#### Exercise goal
Exactly the lines from the one containing "既設の脚部をそのまま残し、イ" through the end of the records must be reproduced; leave out all pictures.

#### Records for the exercise
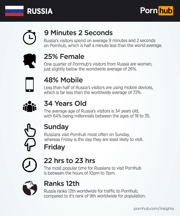 Less than half of Russia’s visitors are using mobile devices including tablets and smartphones. That’s far less that the world average of 72%, meaning that more Russians are still using desktop computers to visit Pornhub. The average age of Russian visitors is 34 years old, with 64% being millennials between the ages of 18 and 35. Russians most often visit Pornhub between the hours of 10pm and 11pm, with Sunday being the most popular day.
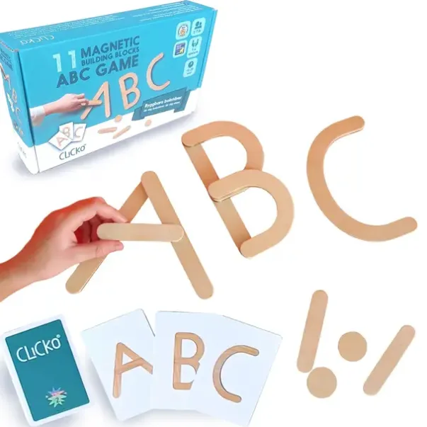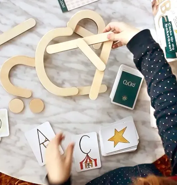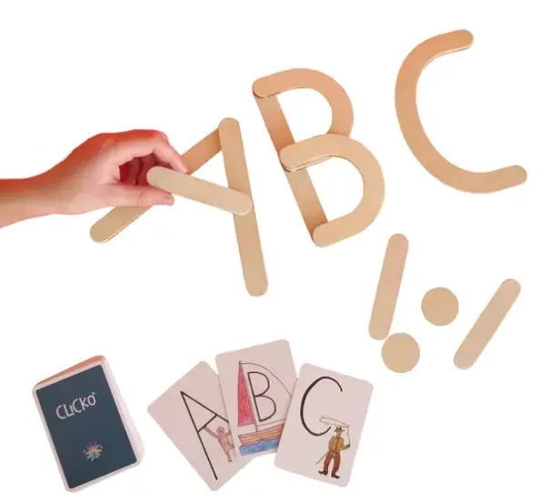 Trebiter som kan bygges sammen til bokstaver. Kortstokk med monstre og stjerner følger med slik at barna kan spille bokstavspillet. Trekk et kort og bygg bokstaven på kortet ved hjelp av tredeler. For hver bokstav får man en stjerne! Men pass på monstrene som elsker stjerner… Først til 5 stjerner vinner! Les mer>>
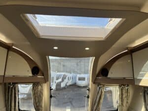 The two-berth model in the Unicorn range received a complete redesign for 2018, with an L-shaped kitchen at the rear and a shower room longitudinally aligned, on the offside. This model won Caravan‘s 2018 award for Best Luxury two-berth Caravan.
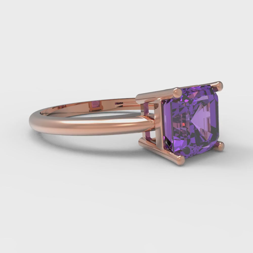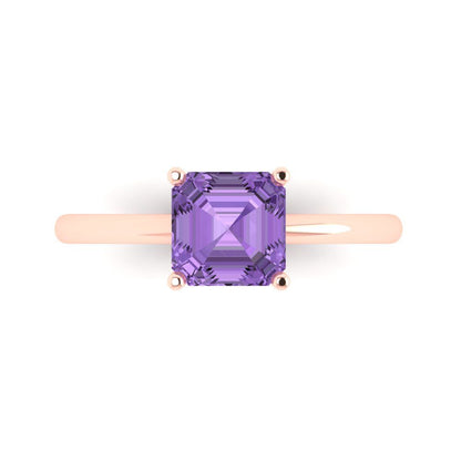 1.5 cttw Simulated Alexandrite Solitaire Engagement Ring - Solid Gold (Asscher Cut,6.5mm)
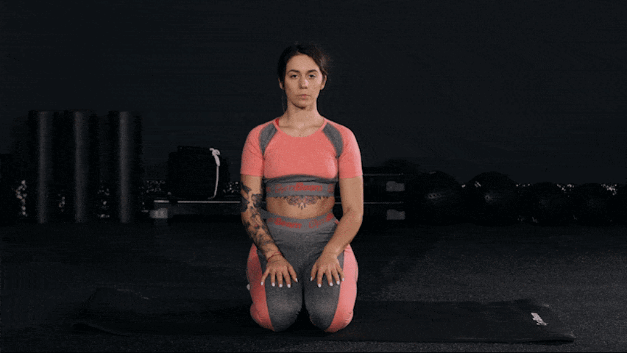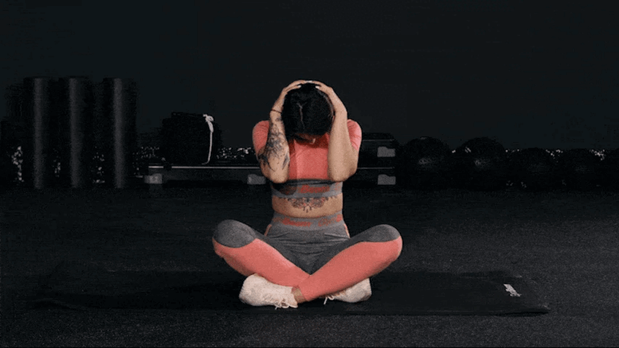 3. Döntsük előre a fejet a mellkas irányába, és húzzuk össze a könyöködet. Kilégzés közben enyhén domborítsuk a hát felső részét.
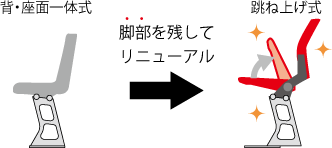既設の脚部をそのまま残し、イスだけを変更することで省施工、省廃材、席数の維持が可能です。また、自立起立シートなので通路スペースを広く確保でき、スムーズな立ち上がりと通行を可能にします。
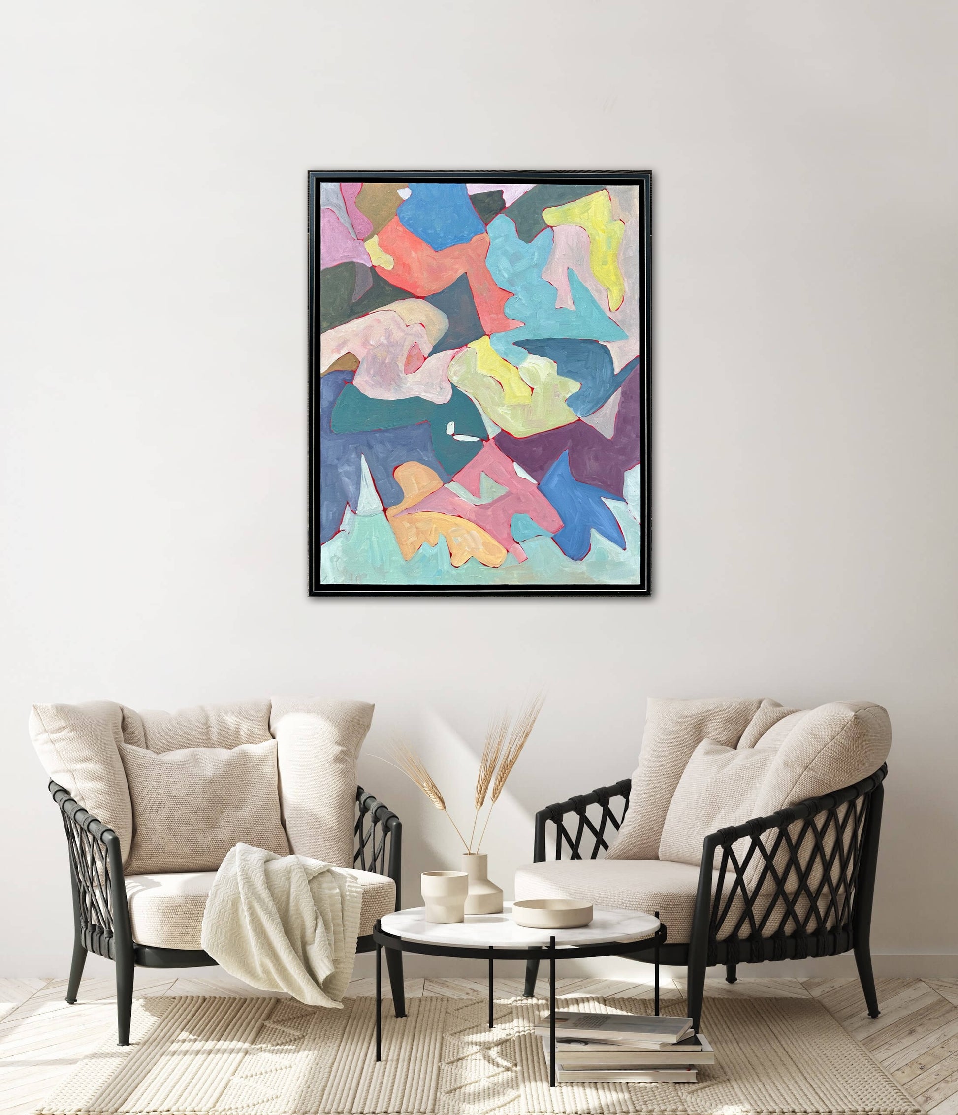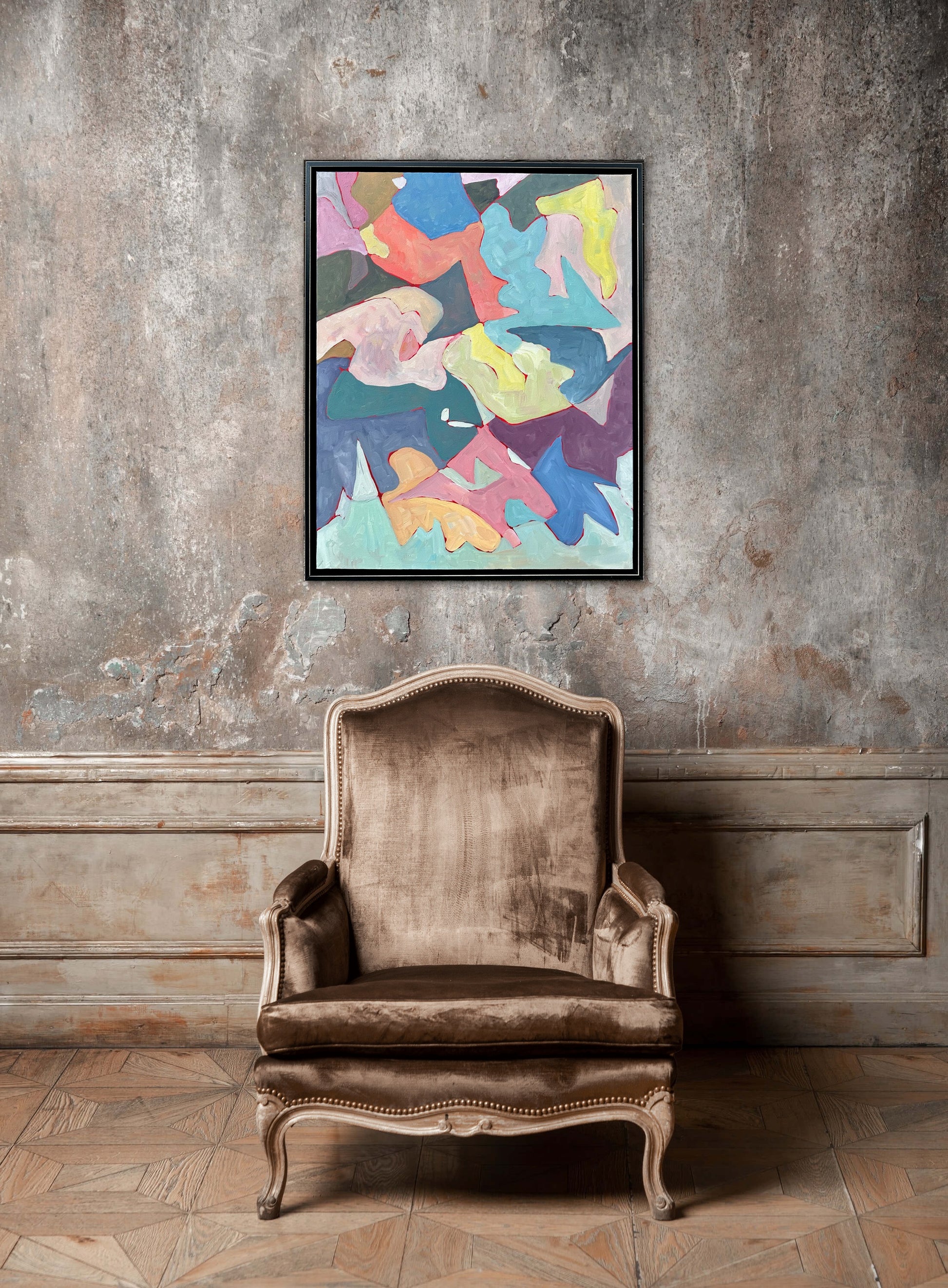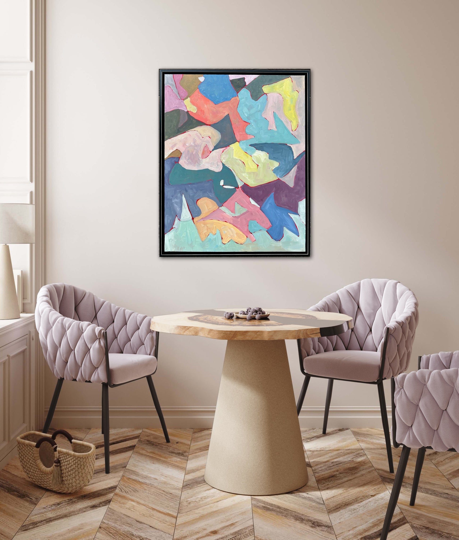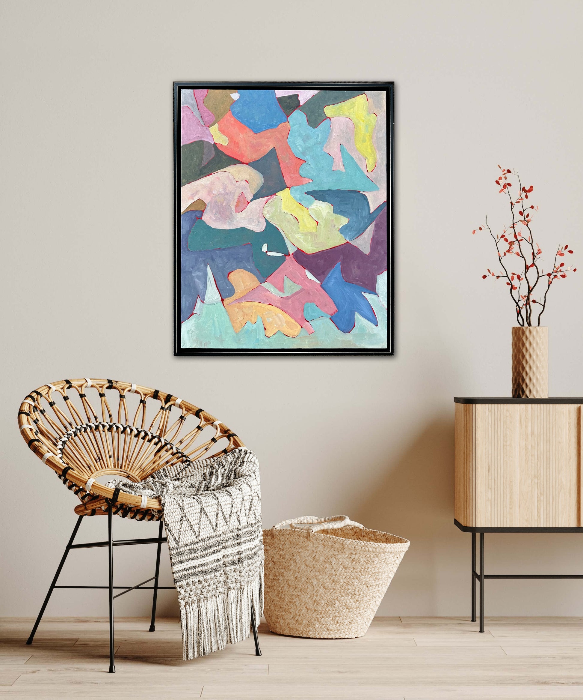 This intuitive abstract painting is inspired by Richard Schwartz’s work on IFS & Parts Theory within Psychology. This piece examines the dynamic and complex parts that uniquely make up of each of us, how they show up, and interplay.

#### Answer to this task
既設の脚部をそのまま残し、イスだけを変更することで省施工、省廃材、席数の維持が可能です。また、自立起立シートなので通路スペースを広く確保でき、スムーズな立ち上がりと通行を可能にします。
 This intuitive abstract painting is inspired by Richard Schwartz’s work on IFS & Parts Theory within Psychology. This piece examines the dynamic and complex parts that uniquely make up of each of us, how they show up, and interplay.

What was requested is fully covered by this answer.